An attempt to cross the dissected radial artery in the true lumen using a Sion Blue coronary wire (Seto) was unsuccessful. A mini knuckle enabled it to be advanced easily in the true lumen without resistance (Figure 1C, Video 3). A 4-F RBR catheter (Merit) was advanced over the Sion Blue wire, and an angiogram was performed (Figure 1D). A 6.5-F JR4 Sheathless Eaucath Guiding Catheter (SEGC) (Seto) was then exchanged over a 0.035-inch guide wire. The SEGC passed through the radial artery (Figure 1E, Video 4) and tortuous brachiocephalic into the aorta without difficulty. Coronary angiography was performed and demonstrated a calcified ostial right coronary artery subtotal occlusion. Due to a lack of support via radial access from tortuosity, femoral access was gained. The SEGC was left in place in the radial artery while the intervention to the right coronary artery was completed via the femoral artery. Following completion of the case, the SEGC was withdrawn, and angiography performed demonstrating resolution of the dissection and perforation (Figure 1H, Video 5).

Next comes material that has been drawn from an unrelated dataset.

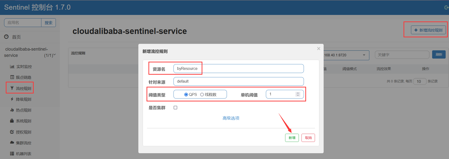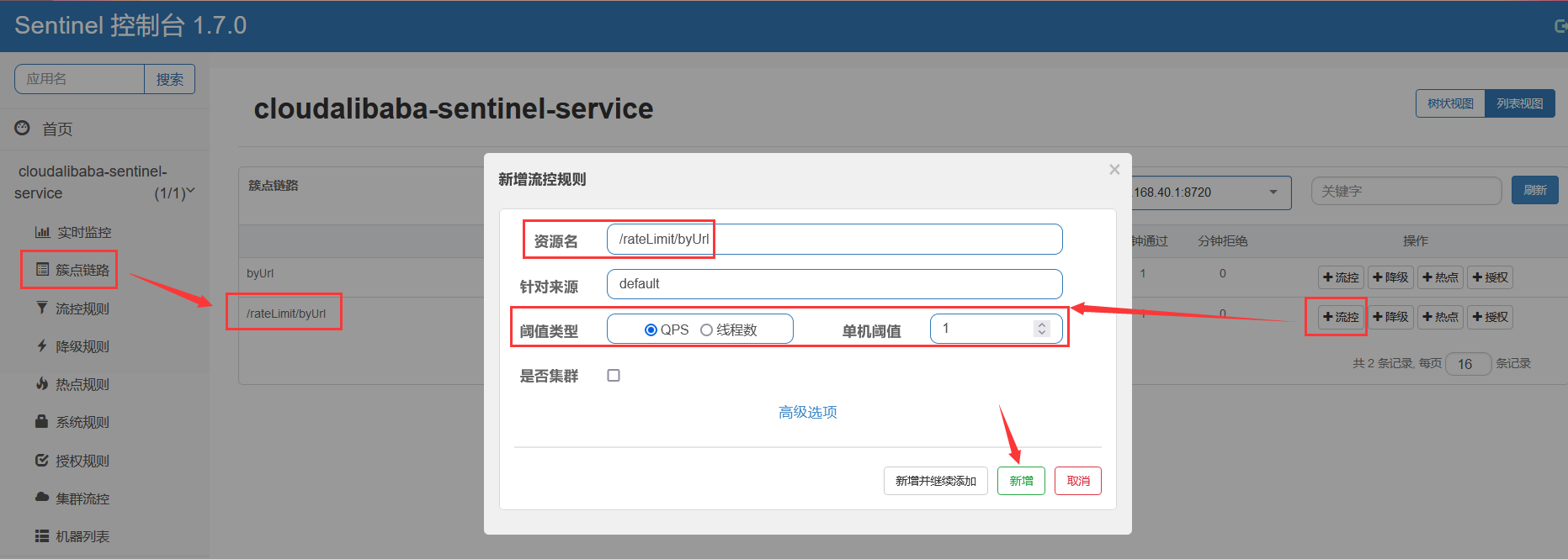 在簇点链路这里可以看到有两个,如果说是按资源名称限流,就选第一个byUrl;如果是按URL地址限流,就选第二个。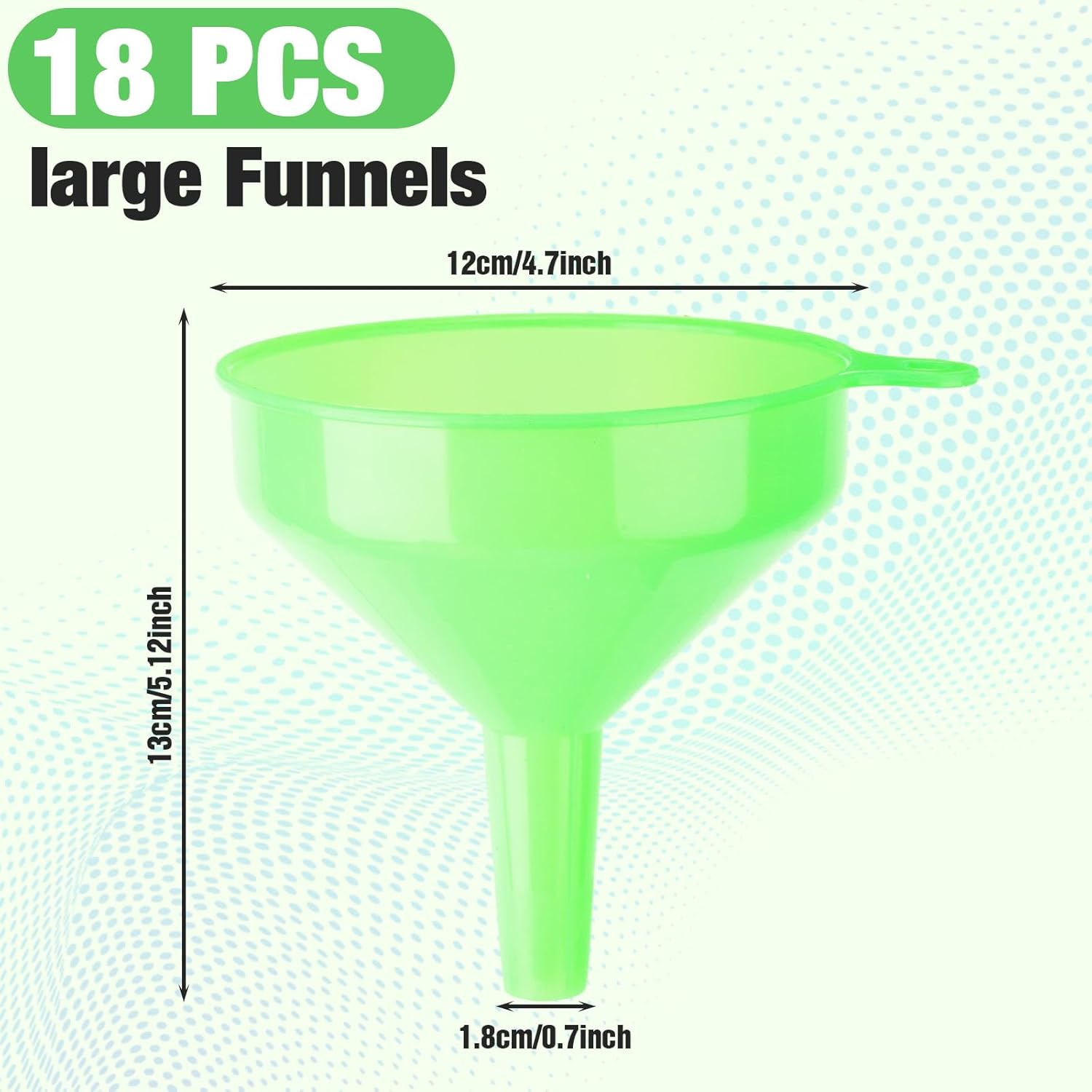 Honeydak 18 Pieces Multi-Purpose Plastic Funnels 4.7 Inch Wide Mouth Funnels for Filling Bottles, Jars, Containers Lab Use Oil Funnel for Gas, Car Oil, Lubricants and Fluids

Radial perforation in the setting of rescue percutaneous coronary intervention poses high risk of forearm hematoma development and possible compartment syndrome due to multiple antithrombotic agents.2 While radial perforation can be managed with external compression, this is not reliable and is poorly tolerated. An alternative strategy is internal tamponade, which can be provided by a guide catheter and has the advantage of allowing completion of the percutaneous coronary intervention. This strategy relies on passage of a guidewire in the true lumen. A coronary guidewire with a low tip load often facilitates crossing. Formation of a knuckle may be helpful in avoiding side branches. Care must be taken to advance the knuckled coronary guidewire and ensure there is no resistance. The SEGC has a tapered central dilator to aid introduction over a 0.035-inch guidewire. The tapered shape of the dilator and absence of a gap between the tip of the dilator and the 0.035-inch guidewire avoid the so-called “razor effect” that occurs when passing a standard guide catheter. This along with the hydrophilic coating are features that aid delivery through areas arterial spasm or injury.3
The patient made an uncomplicated recovery without evidence of forearm hematoma or requiring forearm compression (Figure 1I). A follow-up radial ultrasound demonstrated the radial artery was patent with no obvious sign of injury (Videos 6 and 7, Supplementary Figures 1 and 2).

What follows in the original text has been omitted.